O influente académico e Reitor da Universidade Técnica de Moçambique, Severino Ngoenha, lançou duras críticas ao Diálogo Nacional Inclusivo em curso, afirmando que a exclusão do ex-candidato presidencial Venâncio Mondlane torna o processo sem "absolutamente nenhum sentido". Para Ngoenha, Mondlane é a "cara mais representativa das exigências do povo" que motivaram os protestos pós-eleitorais e, consequentemente, a própria existência do diálogo.
Falando na Conferência Anual do Observatório do Meio Rural, Ngoenha revelou ter confrontado diretamente o Presidente da República, Daniel Chapo, sobre esta ausência. "Senhor Presidente, a razão da existência de um diálogo, em Moçambique, foram as manifestações e a cara mais representativa (...) é o Venâncio. Não faz absolutamente nenhum sentido que vocês façam esse diálogo sem a presença dele", relatou o académico.
Segundo Ngoenha, a resposta de Chapo foi que a composição da comissão do diálogo foi uma decisão do Parlamento, baseada na representação partidária. O Presidente terá sugerido que só a Assembleia da República poderia alterar a lei para incluir outras forças políticas, uma resposta que o académico considerou evasiva.
Bastidores de um Processo "Desvirtuado"
Severino Ngoenha revelou ainda que o documento base que deu início às conversações foi, na verdade, construído a partir dos famosos "20 pontos" de Venâncio Mondlane, introduzidos pelo movimento "Manifesto Cidadão", do qual faz parte. Contudo, o processo foi-se desvirtuando.
"Pouco-a-pouco, fomos perdendo o controlo dele [do documento], quando foi para a Comissão Política, para o Comité Central e começaram a fazer mudanças", narrou, acrescentando que alertou os partidos da oposição para não se deixarem "arrastar" por uma iniciativa presidencial, defendendo um diálogo entre iguais. "À medida que ia entrando nas instituições, foi nos escapando pela mão. (...) Aquilo foi andando e apareceu como uma proposta presidencial", lamentou.
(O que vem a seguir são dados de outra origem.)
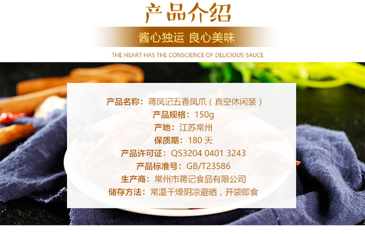 【常州馆】蒋凤记 五香凤爪 卤味熟食卤鸡爪鸡脚零食特色小吃肉干肉脯 休闲真空装 150g

O académico admitiu que o caminho atual "não é o ideal", mas que ainda representa uma possibilidade de lutar por reformas. As suas revelações contrastam fortemente com o discurso oficial do Presidente Chapo, que afirma que no diálogo "não há excluídos" e que "ninguém precisa de fazer requerimento" para participar — isto enquanto a carta de Venâncio Mondlane, enviada em agosto a solicitar a sua inclusão, continua sem resposta.